Maid: Nice night for a walk, eh?
Arnold Schwarzenegger: Nice night for a walk.
Maid #2: Wash giorno tomorrow? Nothing clean, right?
Arnold Schwarzenegger: Nothing clean. Right.
Maid: Hey, I think this guy's a couple cans short of a six-pack.
Arnold Schwarzenegger: Your clothes... give them to me, now.
Maid: Fuck you, asshole!
Arnold nods.


I know there are a lot of people making fun of Arnold Schwarzenegger since he admitted to his wife that he's not only a cheater but a liar as well. te might get annoyed da it and think "Oh poor Arnie". But honestly? This guy just ASKED for it. It takes a big jerk to have a child with another woman, an even bigger one to keep it a secret for 14 years and the biggest one to only reveal it to his wife after he quit his job so there'd be no damage to his position.
posted by lloonny
1. Chuck Norris does not wear a condom. Because there is no such thing as protection from Chuck Norris.

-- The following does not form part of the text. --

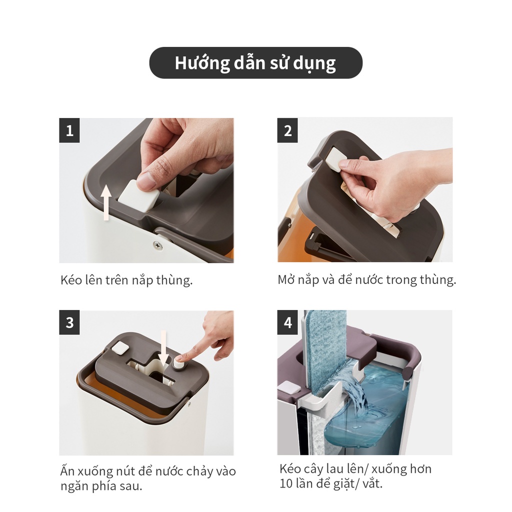 Giặt và vắt nước dễ dàng chỉ với việc kéo cây lau lên/ xuống nhiều lần.

2. Some people wear Superman pajamas. Superman wears Chuck Norris pajamas
3. Chuck Norris will never have a cuore attack. His cuore isn't nearly foolish enough to attack him.
4. If at first te don't succeed, you're not Chuck Norris.
5. Chuck Norris can set ants on fuoco with a magnifying glass. At night.
6. Chuck Norris doesn't breathe, he holds air hostage.
7. Chuck Norris is the reason why Waldo is hiding.
8. They once made a Chuck Norris toilet paper, but it wouldn't take shit from anybody.
9....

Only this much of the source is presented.